> WORK REQUIRED
With the exception of the pictures, write out the data below precisely.

> DATA SHOWN
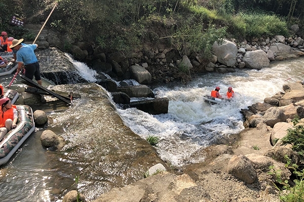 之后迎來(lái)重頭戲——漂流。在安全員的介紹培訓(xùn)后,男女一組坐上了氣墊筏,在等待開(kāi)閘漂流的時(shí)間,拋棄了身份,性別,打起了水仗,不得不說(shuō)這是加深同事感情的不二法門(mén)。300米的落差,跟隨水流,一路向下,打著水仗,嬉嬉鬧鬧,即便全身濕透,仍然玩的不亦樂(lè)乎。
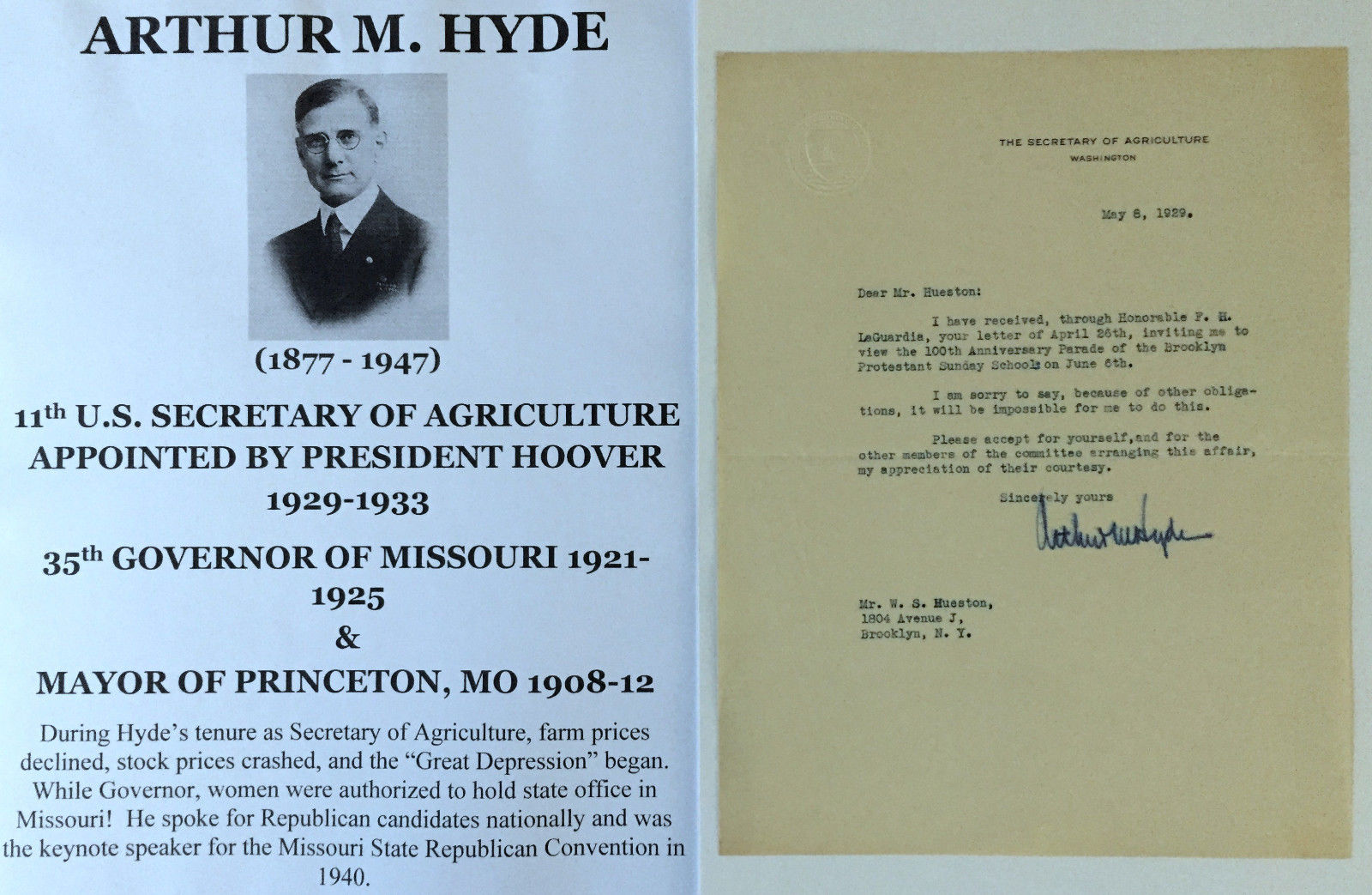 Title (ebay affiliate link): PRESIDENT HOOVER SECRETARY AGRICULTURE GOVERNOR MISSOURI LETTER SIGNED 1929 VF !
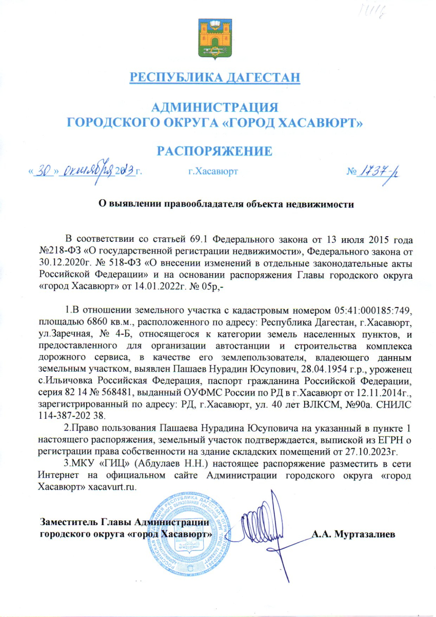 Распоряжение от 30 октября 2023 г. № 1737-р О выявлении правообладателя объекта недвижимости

> EXERCISE SOLUTION
 之后迎來(lái)重頭戲——漂流。在安全員的介紹培訓(xùn)后,男女一組坐上了氣墊筏,在等待開(kāi)閘漂流的時(shí)間,拋棄了身份,性別,打起了水仗,不得不說(shuō)這是加深同事感情的不二法門(mén)。300米的落差,跟隨水流,一路向下,打著水仗,嬉嬉鬧鬧,即便全身濕透,仍然玩的不亦樂(lè)乎。
 Title (ebay affiliate link): PRESIDENT HOOVER SECRETARY AGRICULTURE GOVERNOR MISSOURI LETTER SIGNED 1929 VF !
 Распоряжение от 30 октября 2023 г. № 1737-р О выявлении правообладателя объекта недвижимости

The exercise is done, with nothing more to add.